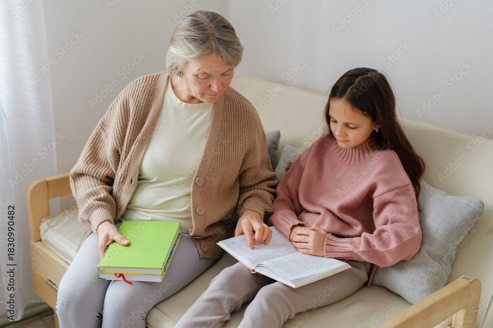 In a bright living room, a grandmother and her granddaughter enjoy a peaceful reading session on a comfortable sofa, with books in hand and sunlight pouring in
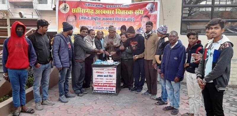 इस अवसर पर छत्तीसगढ़ अखबार वितरक संघ की ओर से बताया गया कि भारत सरकार ने ई-श्रम पोर्टल जारी किया है, जिसमें अखबार वितरकों को भी असंगठित मजदूर के रूप में बीमा पेंशन, अन्य श्रम कल्याण योजनाओं का लाभ मिलेगा। इसके लिए स्वयं या अन्य अखबार वितरकों को प्रेरित कर पंजीयन जल्द से जल्द कराएं ताकि प्रदेश व केंद्र शासन द्वारा घोषित योजनाओं का लाभ अखबार वितरकों को मिल सके। कार्यक्रम में छत्तीसगढ़ अखबार वितरक संघ के विनोद सिन्हा, विपेंद्र कुमार साहू, जय सिंह नेताम, लक्ष्मी राठौर, रामा, तपेश्वर राठौर, राय सिंह कंवर, अनिल गिरी, राजकुमार पटेल, कृष्ण कुमार निर्मलकर, विलसन देव पटेल, गोलू देवांगन, दिलीप यादव, राघवेंद्र, सुनील साहू, दीपक, यश नेताम, बजरंग, ओंकार आदि उपस्थित थे।
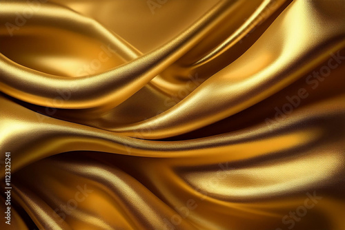 Luxurious Golden Silk Fabric with Smooth Wrinkles and Elegant Folds – Perfect for Glamorous Backgrounds
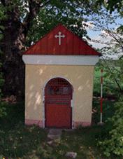 1950 přistavena sakristie. Zámecká kaple ... [Kaplička] 1851 poblíž školy v místě kde je
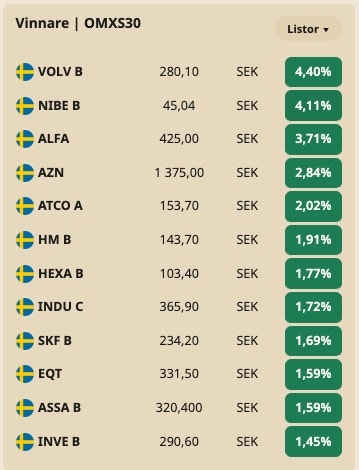 Bland de bolag som går bäst på OMXS30 hittas mycket verkstad, bland annat Volvo, Alfa Laval och Atlas Copco som alla är upp mellan 2-4 procent.
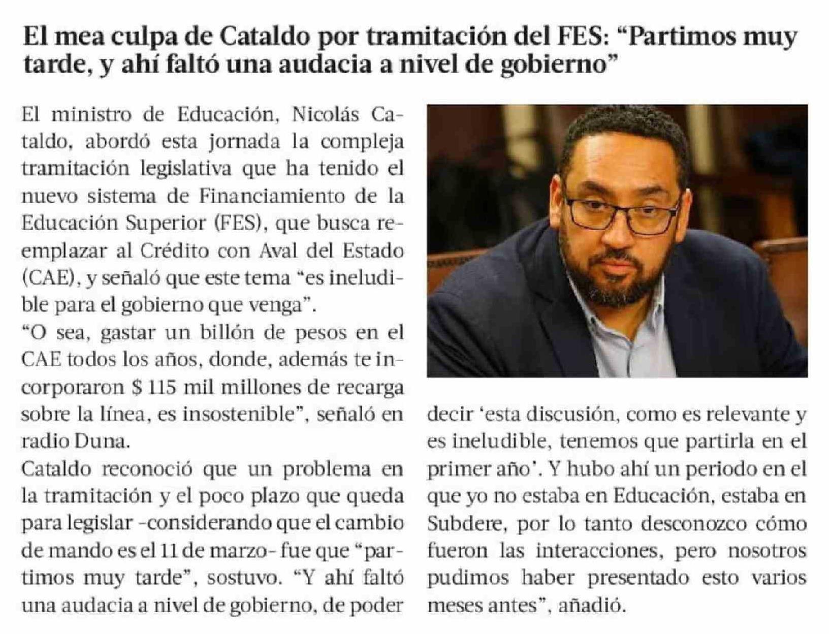 Título: El mea culpa de Cataldo por tramitación del FES: "Partimos muy tarde, y ahí faltó una audacia a nivel de gobierno"
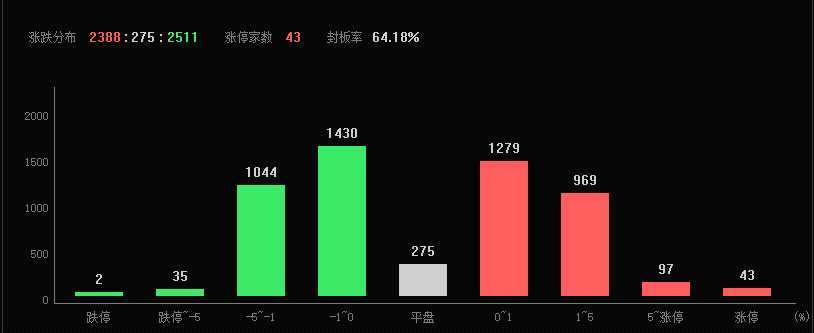 6月14日早盤,A股三大指數(shù)高開震蕩微漲,深市表現(xiàn)相對強(qiáng)勢。截至上午11:30,上證指數(shù)漲0.24%,報(bào)3241.58點(diǎn),深證成指和創(chuàng)業(yè)板指漲幅分別為0.60%和0.25%;滬深兩市成交額合計(jì)6127.6億元。總體來看,a股市場個(gè)股漲少跌多,有2388只上漲,2511只下跌,漲跌停方面,有43只個(gè)股漲停,跌停股2只。
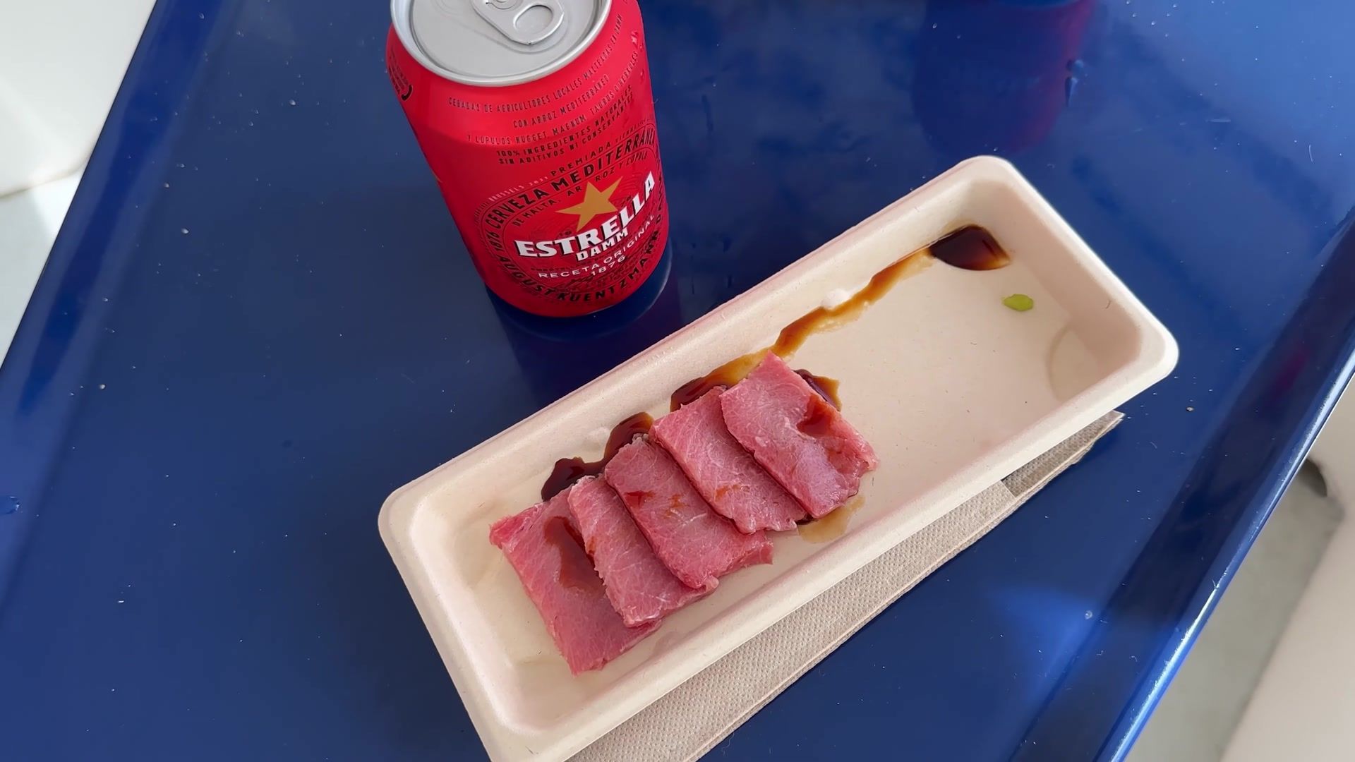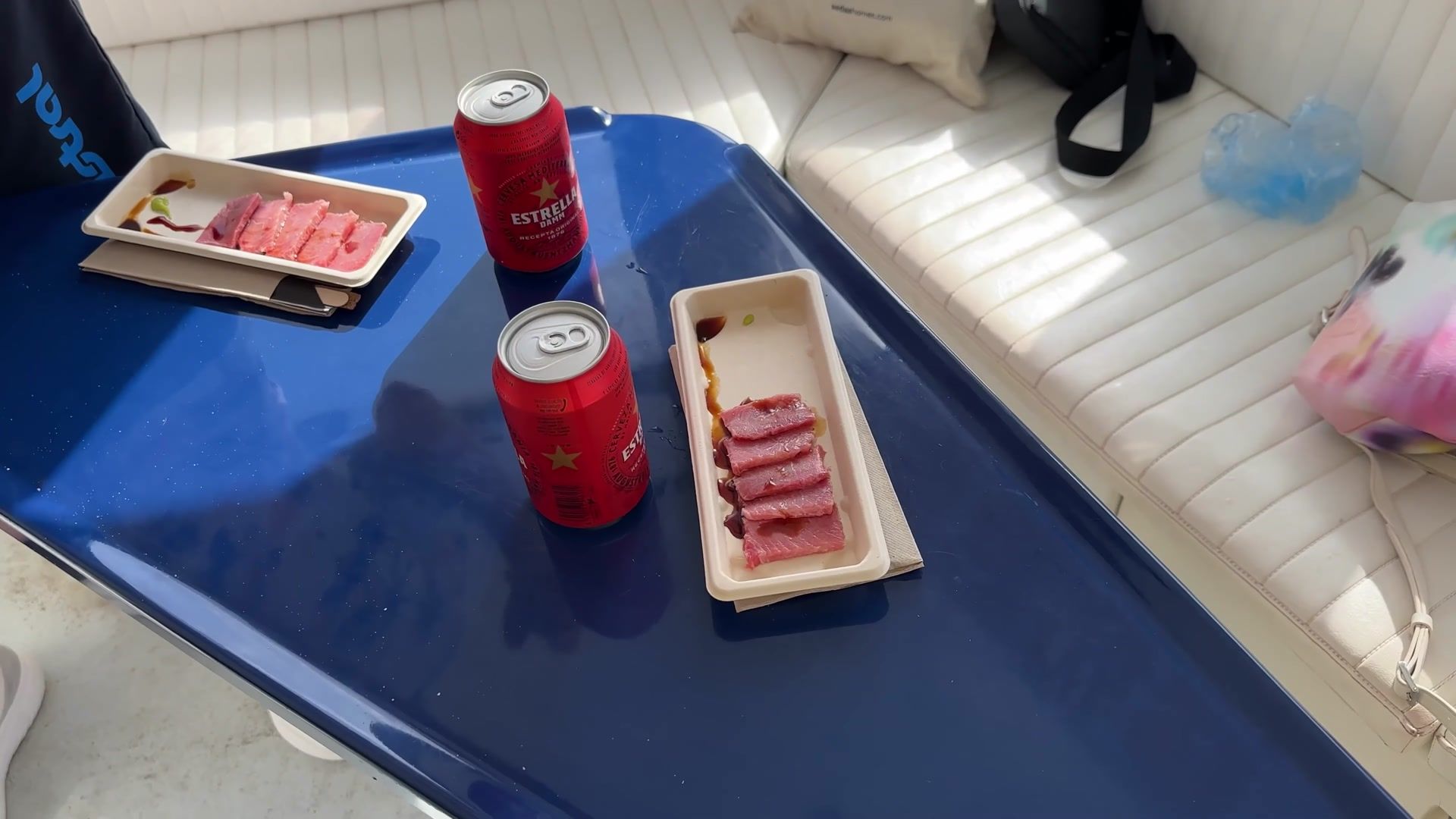 We arrived at the swimming area, where we swim in farms where giant tuna are kept. We approached the area with the tuna. This is not just a regular tour, it’s a tasting tour. We went to the bar and got our tasting set. There were beer, cava or soft drinks available. You can choose a drink along with the fresh raw tuna tasting. Options like beer, cava, or water are available.
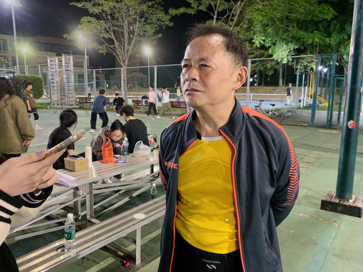 比赛结束之后,文化与传播学院传媒中心的记者有幸采访到了来自文传保卫处联队的教练黄柏刚教授和刘颖教授。面对记者的采访,两位教授都表现得非常从容淡定。当被问及赛后心情时,刘颖教授表示自己已经退休,但是还能够与同事们共同参与此次比赛,他感到非常高兴且荣幸。随后,谈及此次比赛感受时,刘颖老师笑了笑。他认为各位老师配合得十分默契,不论结果如何,大家都会相互加油打气,比赛的氛围相当不错。
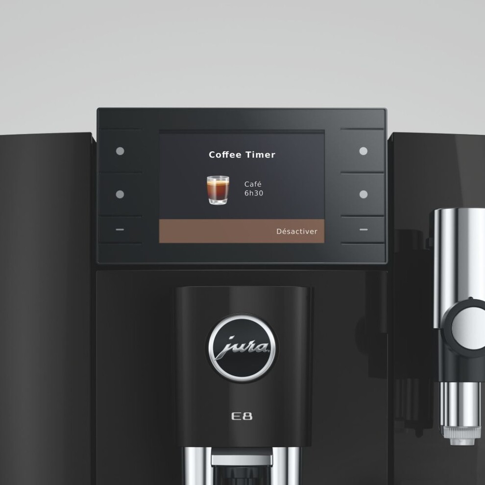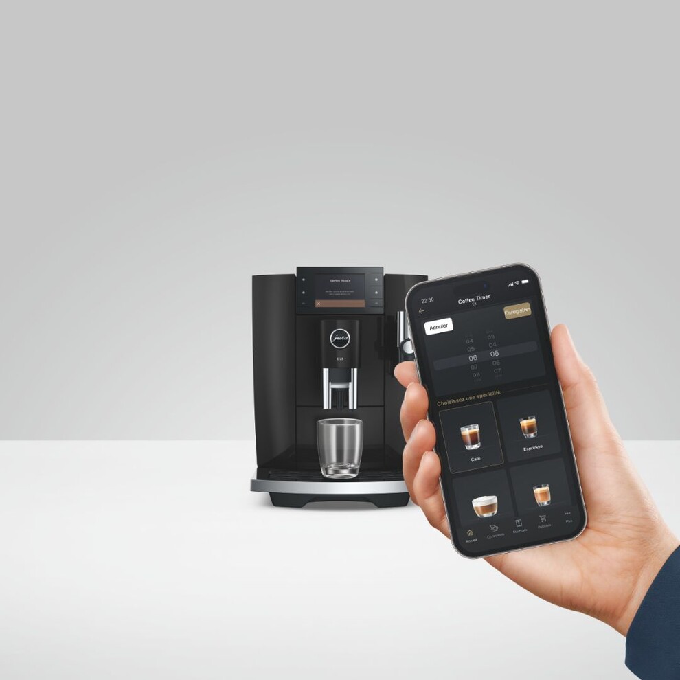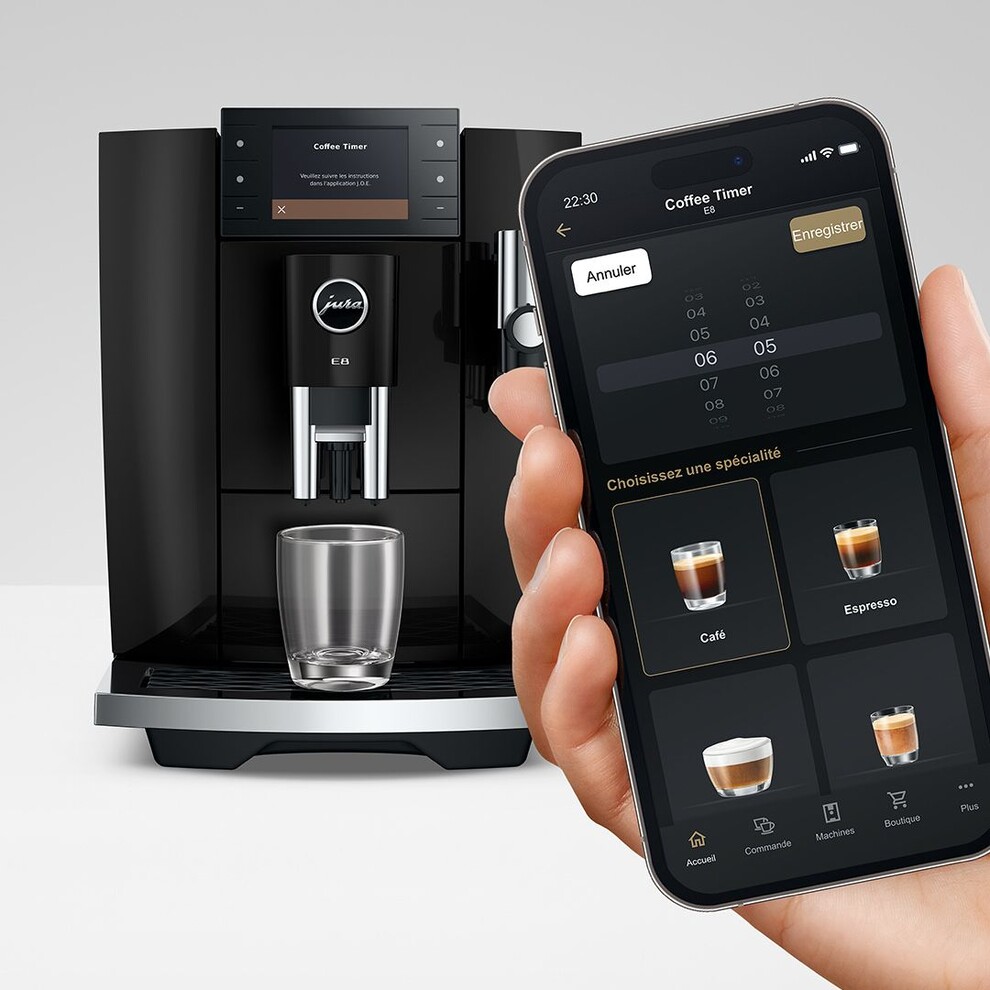 L'E8 pense à vous, même avant votre réveil. Grâce au Coffee Timer piloté depuis l'application J.O.E.®, programmez votre café du matin et savourez-le fraîchement moulu au moment où vous posez le pied à terre. Une façon élégante et connectée de commencer la journée.
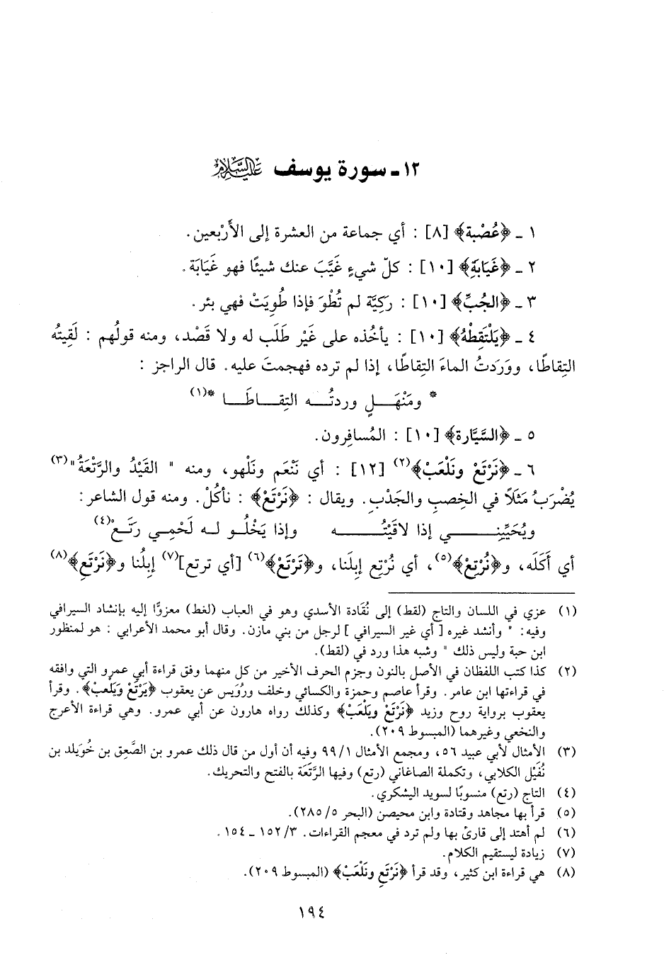 (2) كذا كتب اللفظان في الأصل بالنون وجزم الحرف الأخير من كل منهما وفق قراءة أبي عمرو التي وافقه في قراءتها ابن عامر. وقرأ عاصم وحمزة والكسائي وخلف ورويس عن يعقوب يَرْتَعْ وَيَلْعَبْ. وقرأ يعقوب برواية روح وزيد نرتع ويلعب وكذلك رواه هارون عن أبي عمرو. وهي قراءة الأعرج والنخعي وغيرهما (المبسوط 209) .
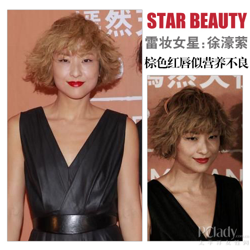 单看徐濠萦的局部妆容,小翅膀上扬眼线和复古红唇都是今年流行的妆容之一。无奈的是一向标榜个性的她,为她的潮妆搭配了一头烧焦了似的凌乱短发,让她的潮流指数顿时降到谷底,看起来像是营养不良似的。
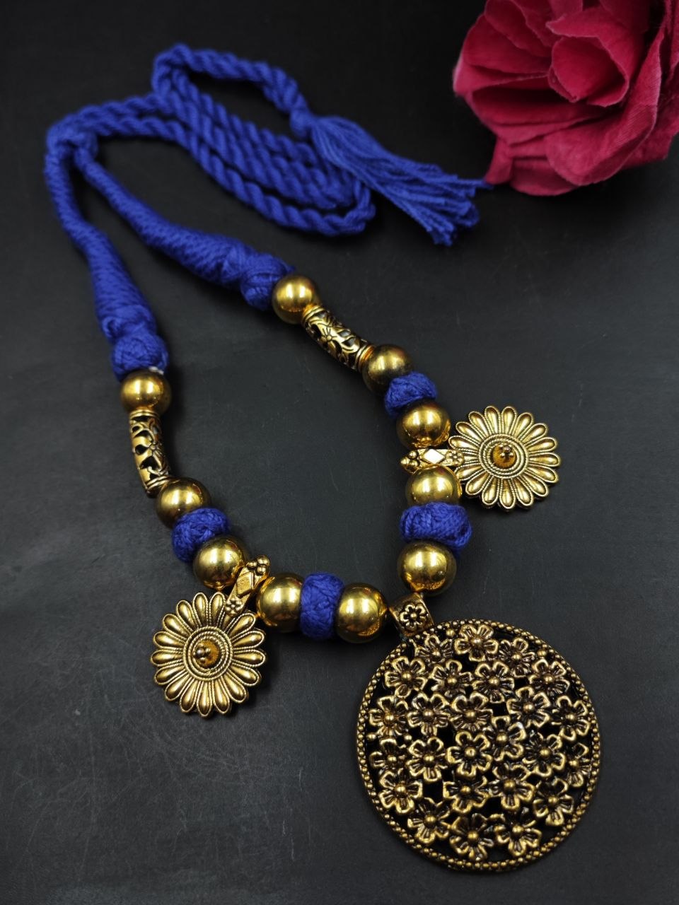 Floral Art Thread Necklace Design & Craftsmanship

▬▬▬▬▬▬▬▬▬▬

TRY IT:
Give back exactly the lines above from the one with "Bland de bolag" through the one with "Título: El mea", both included. Pictures don't belong in the copy.

FINISHED TASK:
 Bland de bolag som går bäst på OMXS30 hittas mycket verkstad, bland annat Volvo, Alfa Laval och Atlas Copco som alla är upp mellan 2-4 procent.
 Título: El mea culpa de Cataldo por tramitación del FES: "Partimos muy tarde, y ahí faltó una audacia a nivel de gobierno"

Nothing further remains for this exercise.